Пожалуй, Эндер был единственным даже в ближайшем окружении Малевича, кто это понял. Выражение «не сам» может быть объяснено знакомством Эндера с работами Н. М. Суетина 1927 года, явившимися одним из источников крестьянского цикла Малевича. По мнению В. И. Ракитина, суетинские «супремоиконы» разрушают сразу «две легенды. О том, что интерес к такого рода композициям возник после легендарной поездки Малевича в Европу и что на мэтра… повлиял де Кирико»[715]. С категоричностью этого утверждения трудно согласиться: работы де Кирико Малевич знал по воспроизведениям[716], а осенью 1928‐го мог видеть его подлинную живопись на выставке «Современное французское искусство» в Москве. Что же касается нижней границы новых фигуративных вещей Малевича, то можно привести несколько фактов. По утверждению И. В. Бахтерева, он видел такие работы в мастерской Малевича до его отъезда за границу[717]; в конце 1928‐го несколько картин этой серии Малевич предлагает на выставку Общества живописцев[718]; в апреле 1929-го, как мы помним, около 40 холстов уже созданы или задуманы. Кроме того, недавно опубликованные листки из записной книжки Малевича[719] с рисунками «пустолицых» людей показывают, как органично рождался у Малевича замысел его постсупрематических картин.

Попытаемся на основании всего сказанного реконструировать образ выставки. Вероятно, для современников это был образ «мастерства», подлинной «художественной культуры», но культуры нового типа, которую можно было бы назвать авангардной культурной традицией (как ни парадоксально это звучит). Авангард предстал новой классикой, школой современного художественного мышления и пластического языка.
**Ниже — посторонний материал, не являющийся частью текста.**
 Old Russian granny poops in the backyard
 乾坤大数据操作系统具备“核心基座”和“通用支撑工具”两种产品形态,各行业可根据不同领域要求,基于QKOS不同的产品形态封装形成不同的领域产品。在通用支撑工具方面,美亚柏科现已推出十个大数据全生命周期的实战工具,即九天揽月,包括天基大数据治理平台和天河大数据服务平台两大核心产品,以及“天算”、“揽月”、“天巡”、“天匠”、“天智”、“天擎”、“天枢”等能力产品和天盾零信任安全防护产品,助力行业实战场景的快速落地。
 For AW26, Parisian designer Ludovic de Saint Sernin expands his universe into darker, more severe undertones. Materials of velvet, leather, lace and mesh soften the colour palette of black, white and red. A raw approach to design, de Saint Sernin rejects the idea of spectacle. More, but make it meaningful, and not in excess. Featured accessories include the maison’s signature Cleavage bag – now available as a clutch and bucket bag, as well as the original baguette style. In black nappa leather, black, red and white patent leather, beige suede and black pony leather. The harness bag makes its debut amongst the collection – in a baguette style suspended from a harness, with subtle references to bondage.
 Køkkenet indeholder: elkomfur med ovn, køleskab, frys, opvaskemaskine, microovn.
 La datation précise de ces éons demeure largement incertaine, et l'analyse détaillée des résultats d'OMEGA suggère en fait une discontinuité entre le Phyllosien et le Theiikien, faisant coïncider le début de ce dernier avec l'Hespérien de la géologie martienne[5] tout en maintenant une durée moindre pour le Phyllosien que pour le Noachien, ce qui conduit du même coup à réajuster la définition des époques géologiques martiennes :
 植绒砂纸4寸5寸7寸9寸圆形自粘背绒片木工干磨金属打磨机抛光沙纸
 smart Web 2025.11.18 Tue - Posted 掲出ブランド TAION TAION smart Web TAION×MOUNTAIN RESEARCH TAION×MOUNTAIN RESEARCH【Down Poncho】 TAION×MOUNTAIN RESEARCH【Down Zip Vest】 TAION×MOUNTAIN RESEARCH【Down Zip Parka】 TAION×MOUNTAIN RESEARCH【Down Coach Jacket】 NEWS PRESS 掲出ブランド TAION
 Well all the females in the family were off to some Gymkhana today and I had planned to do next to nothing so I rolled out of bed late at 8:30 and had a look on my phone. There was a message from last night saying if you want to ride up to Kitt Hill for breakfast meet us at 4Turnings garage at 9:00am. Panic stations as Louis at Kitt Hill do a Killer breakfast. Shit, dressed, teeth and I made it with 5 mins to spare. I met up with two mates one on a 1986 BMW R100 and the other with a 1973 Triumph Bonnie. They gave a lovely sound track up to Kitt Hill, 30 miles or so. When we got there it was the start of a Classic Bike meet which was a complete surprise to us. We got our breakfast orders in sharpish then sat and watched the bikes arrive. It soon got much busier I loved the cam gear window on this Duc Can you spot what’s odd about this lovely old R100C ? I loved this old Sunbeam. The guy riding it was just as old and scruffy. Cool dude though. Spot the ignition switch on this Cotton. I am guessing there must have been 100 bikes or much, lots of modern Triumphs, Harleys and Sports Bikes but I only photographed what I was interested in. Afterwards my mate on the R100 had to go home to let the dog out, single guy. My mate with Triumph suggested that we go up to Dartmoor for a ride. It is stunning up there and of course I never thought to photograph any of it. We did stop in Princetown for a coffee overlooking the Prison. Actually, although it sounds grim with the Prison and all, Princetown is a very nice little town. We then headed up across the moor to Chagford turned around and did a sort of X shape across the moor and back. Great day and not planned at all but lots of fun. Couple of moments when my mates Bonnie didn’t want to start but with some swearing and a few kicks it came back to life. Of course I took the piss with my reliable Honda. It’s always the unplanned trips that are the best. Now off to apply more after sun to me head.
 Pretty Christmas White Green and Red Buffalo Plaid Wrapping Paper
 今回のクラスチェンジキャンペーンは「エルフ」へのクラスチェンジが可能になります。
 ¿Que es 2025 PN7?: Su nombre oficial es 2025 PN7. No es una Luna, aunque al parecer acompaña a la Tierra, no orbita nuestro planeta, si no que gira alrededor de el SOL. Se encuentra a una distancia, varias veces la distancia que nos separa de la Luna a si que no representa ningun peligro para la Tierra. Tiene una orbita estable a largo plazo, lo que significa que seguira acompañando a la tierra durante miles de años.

Малевич, по-видимому, сознательно ставил перед собой такую задачу и подошел к ее решению серьезно и бескомпромиссно: на выставке не было уступок – тематических или стилистических – политической конъюнктуре, это была одна из последних концептуально стройных авангардных акций в условиях утраты авангардом своих общественных позиций.

«Полевение» культуры, вызвавшее у Малевича поначалу психологический подъем, на деле было глубоко враждебно его искусству. Возможно, это не сразу было почувствовано участниками событий, однако обстановка «переломного» года властно диктовала поведение всем, кто по должности отвечал за художественную политику, в том числе и руководителям галереи. Приведу отрывок из отчета за 1929 год и производственного плана Отдела новейшей живописи на 1929/30 год, где формулировались его задачи:

…все перечисленные мероприятия истекшего года являлись лишь предпосылкой к коренному изменению всей установки Галереи <…> в соответствии с задачами ее социалистического строительства.<…> По целому ряду причин, среди которых немалую роль играла прежняя установка Галереи на то, чтобы в нее поступали произведения только совершенного мастерства или новых формальных исканий, за годы революции не были собраны в Галерее предметы искусства, отражающие героическую борьбу рабочего класса на фронтах гражданской войны и хозяйственном, а также новый быт революционного времени. Поэтому Галерея ставит себе сейчас ударной задачей заполнить этот существенный пробел и закупить в 1929/30 г. произведения искусства на социальные и революционные темы, поступившись в отдельных случаях требованием от них и соответствующих формальных качеств…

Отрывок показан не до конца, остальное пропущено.